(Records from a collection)
--

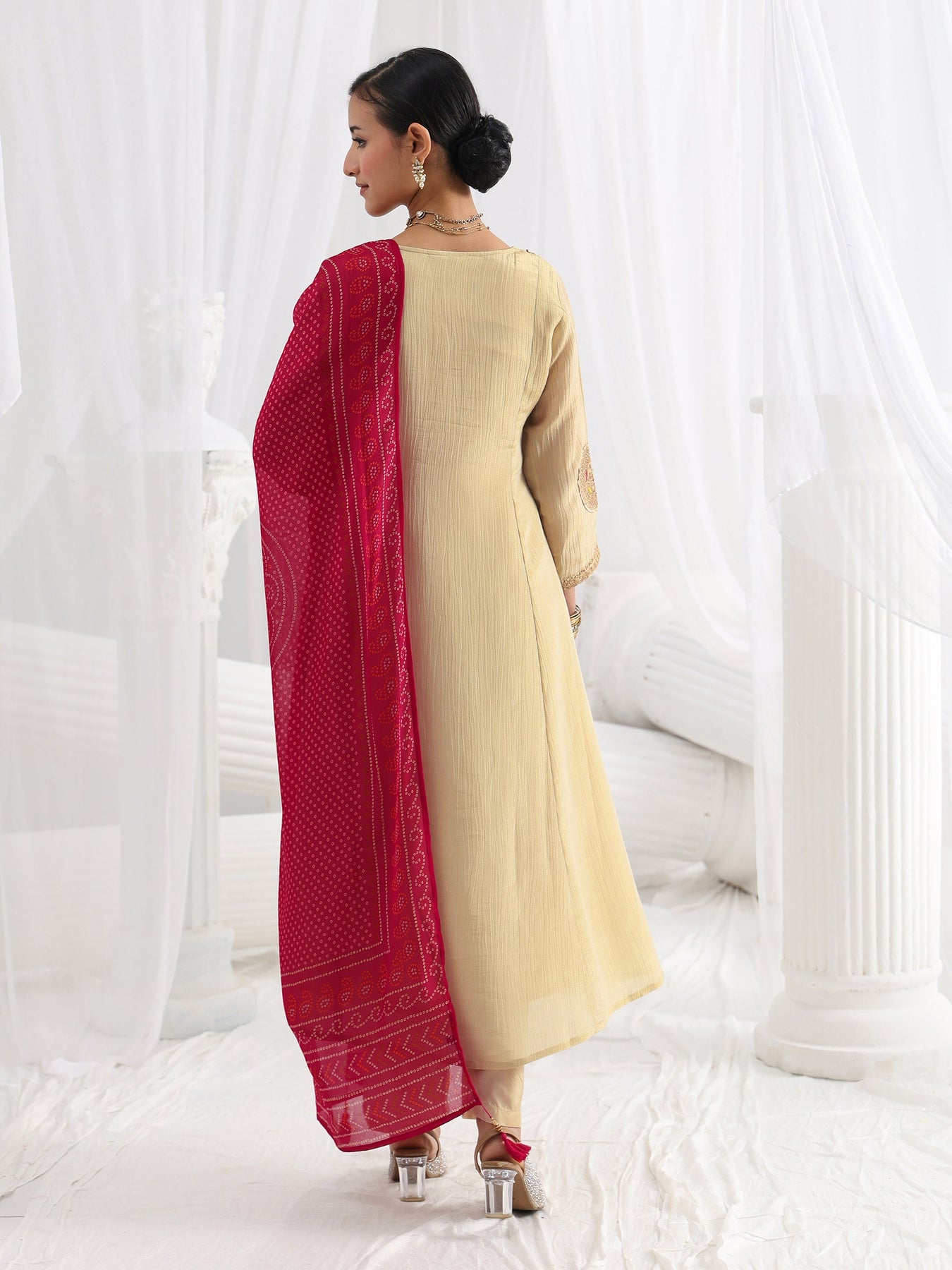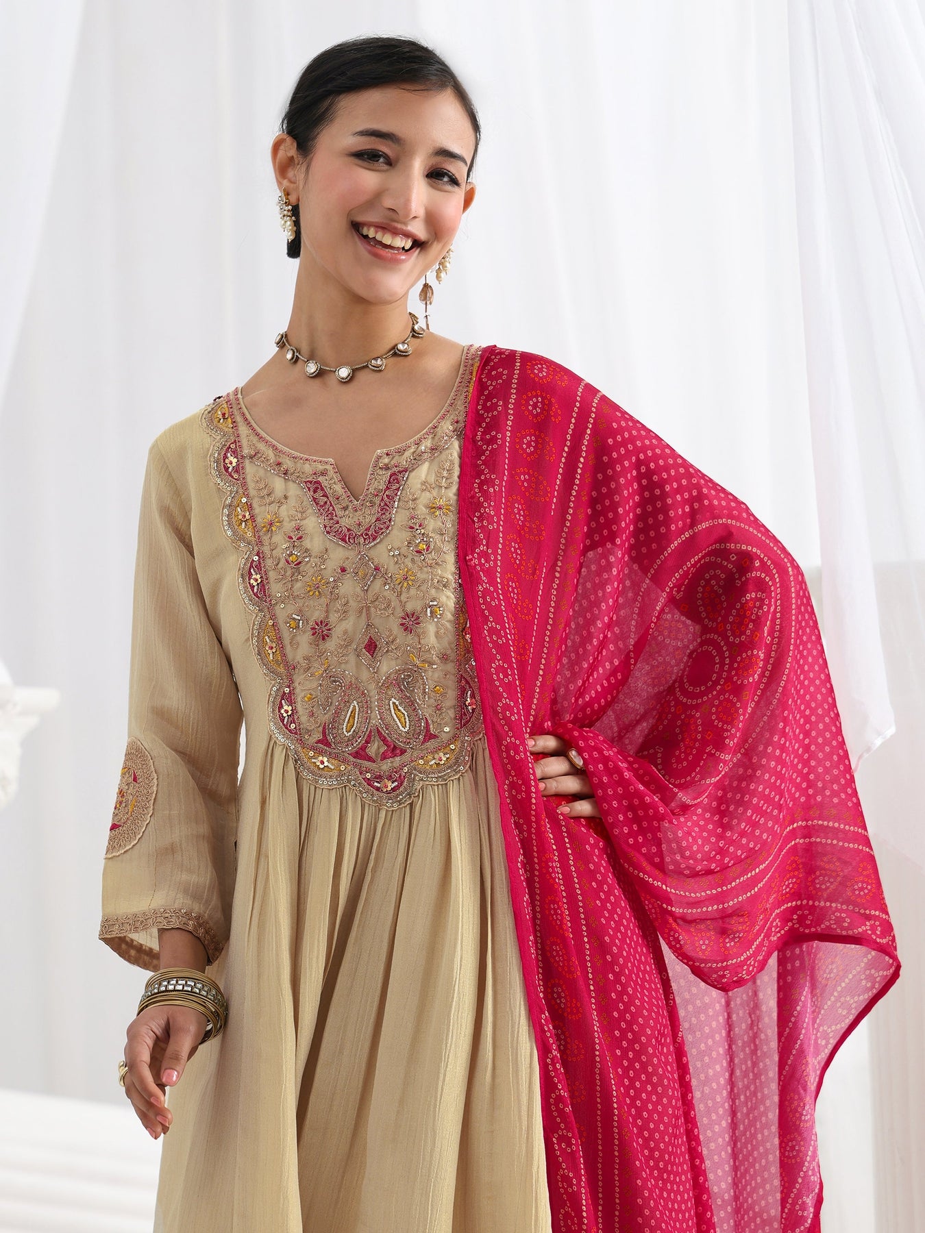 Libas Art Beige Paisley Embroidered Silk Blend A-Line Suit Set With Dupatta
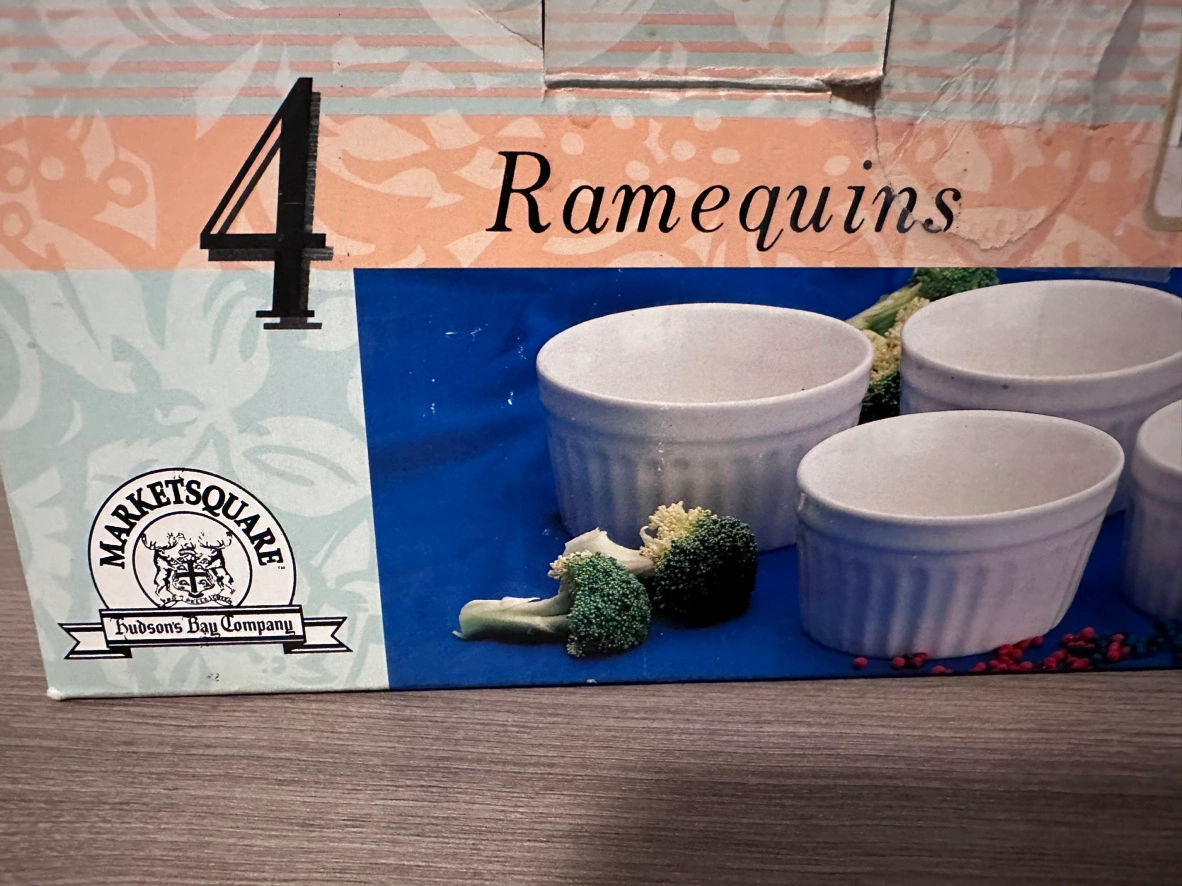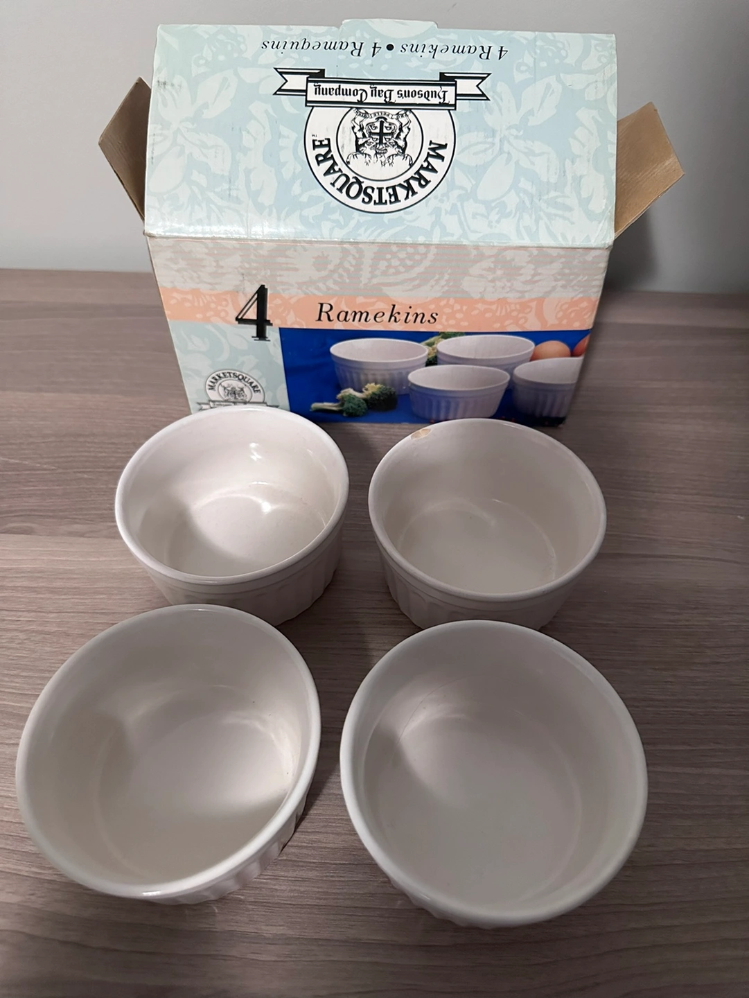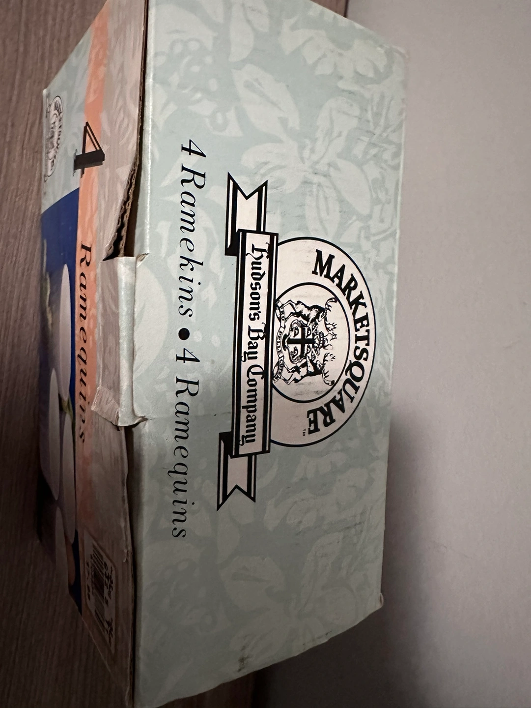Market Square Hudson’s Bay Company 4 Ramekins set , white porcelain, note one ramekin has a chip as shown in photo. Price reflects defect.
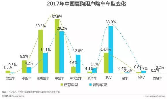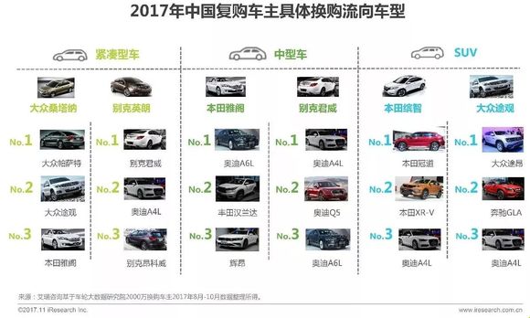 数据显示,紧凑型车主换购首选为中型车,而中型车换购会转向中大型车及同级别的豪华品牌车辆;SUV则倾向换购中大型SUV或购买豪华品牌车辆;整体分析,各车型对SUV的需求都在提升。
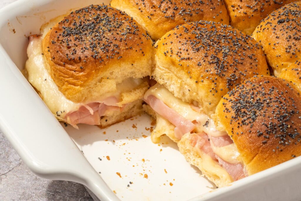 These sliders have it all: sweet slices of ham, irresistibly gooey Swiss cheese, squishy Hawaiian rolls, and a savory butter drizzled over top.
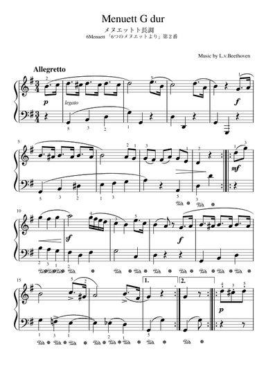 Easy Piano - Level 1 - Digital Download SKU: A0.1179586 By Ludwig van Beethoven. By Ludwig van Beethoven. Arranged by pfkaori. Classical. Score. 3 pages. Pfkaorimusic #779570. Published by pfkaorimusic (A0.1179586). Menuett G dur. L.v.Beethoven pianosolo (easy)〜Large sheet music * Easy to read〜. This product was created by a member of ArrangeMe, Hal Leonard's global self-publishing community of independent composers, arrangers, and songwriters. ArrangeMe allows for the publication of unique arrangements of popular titles and original compositions from a variety of voices and backgrounds. The length, difficulty, and retail pricing are determined solely by the discretion of the person who arranged or composed it. About Digital Downloads Digital Downloads are downloadable sheet music files that can be viewed directly on your computer, tablet or mobile device. Once you download your digital sheet music, you can view and print it at home, school, or anywhere you want to make music, and you don’t have to be connected to the internet. Just purchase, download and play! PLEASE NOTE: Your Digital Download will have a watermark at the bottom of each page that will include your name, purchase date and number of copies purchased. You are only authorized to print the number of copies that you have purchased. You may not digitally distribute or print more copies than purchased for use (i.e., you may not print or digitally distribute individual copies to friends or students).

--

Instructions for the task:
From the first line of the entries above through the line with "These sliders have", set down each line exactly and drop the pictures.

Solution to the problem:
 Libas Art Beige Paisley Embroidered Silk Blend A-Line Suit Set With Dupatta
Market Square Hudson’s Bay Company 4 Ramekins set , white porcelain, note one ramekin has a chip as shown in photo. Price reflects defect.
 数据显示,紧凑型车主换购首选为中型车,而中型车换购会转向中大型车及同级别的豪华品牌车辆;SUV则倾向换购中大型SUV或购买豪华品牌车辆;整体分析,各车型对SUV的需求都在提升。
 These sliders have it all: sweet slices of ham, irresistibly gooey Swiss cheese, squishy Hawaiian rolls, and a savory butter drizzled over top.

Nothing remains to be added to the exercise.